I tried to proof this. The equations of motion are $\frac{\delta S}{\delta A_\mu(x)}=\epsilon^{\mu\alpha\beta}\partial_\alpha A_\beta(x)$. Therefore, what we want to proof is that there is a $\Lambda$ and $\mu_{\mu\nu}(x,y)$ such that $$\delta_\xi A_\mu-\delta_\Lambda A_\mu=\int\text{d}^Dy\,\mu_{\mu\nu}(x,y)\epsilon^{\nu\alpha\beta}\partial_\alpha A_\beta(y).$$ Choosing $\mu_{\mu\nu}(x,y)=\epsilon_{\mu\nu\alpha}\xi^\alpha(x)\delta(x-y)$ yields $$\int\text{d}^Dy\,\mu_{\mu\nu}(x,y)\epsilon^{\nu\alpha\beta}\partial_\alpha A_\beta(y)=\epsilon_{\mu\nu\gamma}\xi^\gamma(x)\epsilon^{\nu\alpha\beta}\partial_\alpha A_\beta(x)=\xi^\alpha\partial_\alpha A_\mu+\partial_\mu \xi^\beta A_\beta-\partial_\mu (\xi^\beta A_\beta)=\delta_\xi A_\mu-\delta_{\xi^\nu A_\nu}A_\mu.$$ Thus, this choice almost works. However, the parameter $\Lambda$ shouldn't depend on $A$. Is there another choice of $\mu$ and $\Lambda$ so that $\Lambda$ doesn't depend on $A$?

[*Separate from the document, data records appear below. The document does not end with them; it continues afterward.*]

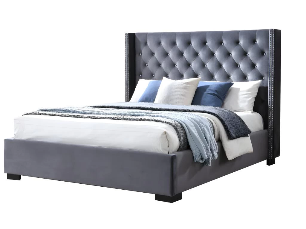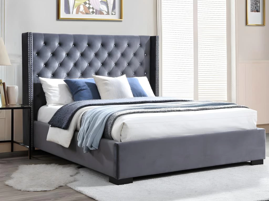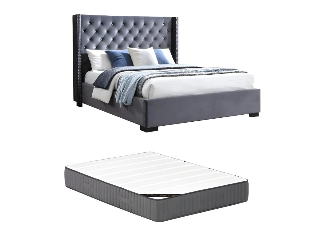Avec son look velours capitonné et la solidité de sa structure en MDF et bois, ce lit MASSIMO va vite devenir l’élément clé de votre chambre !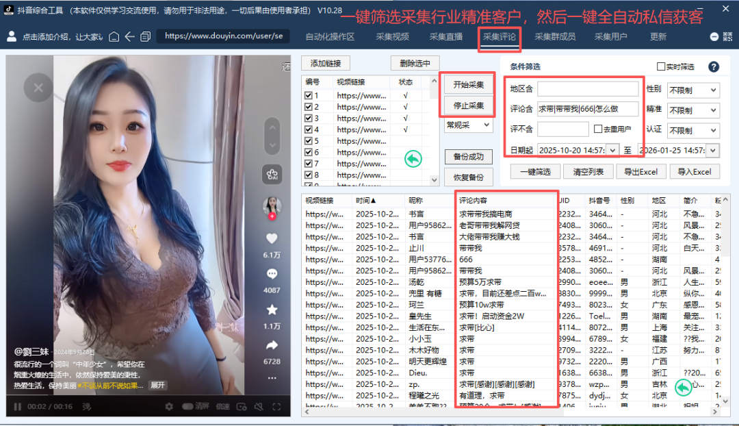 功能点六:视频评论采集(选择视频链接采集评论,支持条件筛选,可批量发私信,关注)
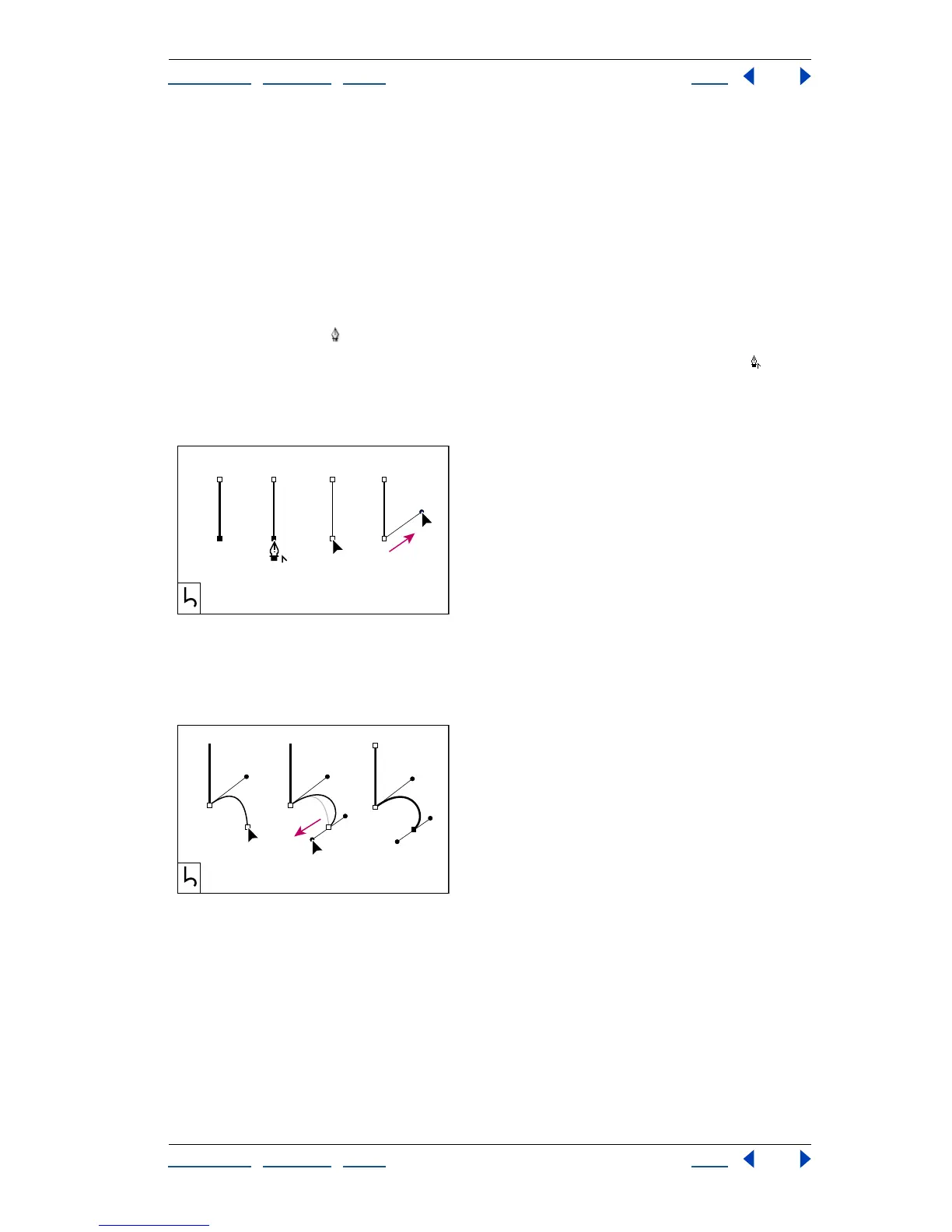 A. Holding pen tool down B. Dragging direction point C. New curve segment completed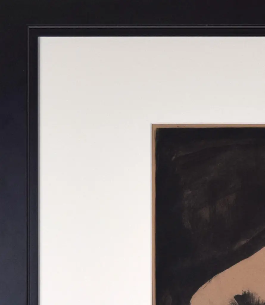 Original aquatint etching by Important French artist Georges Rouault (1871-1958) from the "Miserere" series of "Miserere et Guerre" (Mercy and War), plate 18: "Le condamné s'en allé" (The condemned man was led away). Original aquatint, drypoint, burnisher, roulette, 1922. 450 impressions of Miserere, Rouault's masterpiece and one of the most important series of the twentieth century. Initialed and dated 1922 bottom left in plate (there are no pencil-signed proofs). Black frame w/ cream mat.

Investigating the problem further , I noticed the following. If indeed there is such a $\mu$ and $\Lambda$, then, whenever the equations of motion are satisfied we have that $\delta_\xi A_\mu-\delta_\Lambda A_\mu=0$. The equations of motion imply that $A$ is pure gauge, i.e. $A_\mu=\partial_\mu \Omega$ for some $\Omega$. Then $$\delta_\xi A_\mu-\delta_\Lambda A_\mu=\xi^\rho\partial_\rho\partial_\mu\Omega+\partial_\mu\xi^\rho\partial_\rho\Omega-\partial_\mu\Lambda=\partial_\mu(\xi^\rho\partial_\rho\Omega-\Lambda).$$ There is no way that this vanishes identically unless we choose $\Lambda=\xi^\rho\partial_\rho\Omega=\xi^\rho A_\rho$ (up to a constant). We conclude that the $\Lambda$ must depend on $A$ as we found above. Then, isn't the statement in the exercise wrong? Or are we allowed to use a different gauge parameter for every field?

Answer 1

I don't have Henneaux's lectures on hand, but I assume the context is classical (not quantum) gauge theory.

The paradox comes from thinking that the gauge-transform parameter $\Lambda$ is not allowed to depend on the gauge field $A$ that is being transformed, but that is incorrect. Within any contractible patch, we can take the quantities $A_a$ (and also $\xi^a$) to be ordinary smooth functions, and then $\Lambda=\xi^a A_a$ is also a smooth function. The transform $A_a\to A_a+\partial_a\Lambda$ is a legal gauge transform for any smooth function $\Lambda$, including one of the form $\Lambda=\xi^a A_a$.

On a general manifold, the gauge field $A_a$ is defined only patchwise, and that's fine. A gauge transform $A_a\to A_a+\partial_a\Lambda$ is also defined patchwise, and setting $\Lambda=\xi^a A_a$ (defined patchwise) still gives a legal gauge transform because $A_a$ and $\partial_a\Lambda$ are both affected the same way by the transition functions that relate the different patches to each other.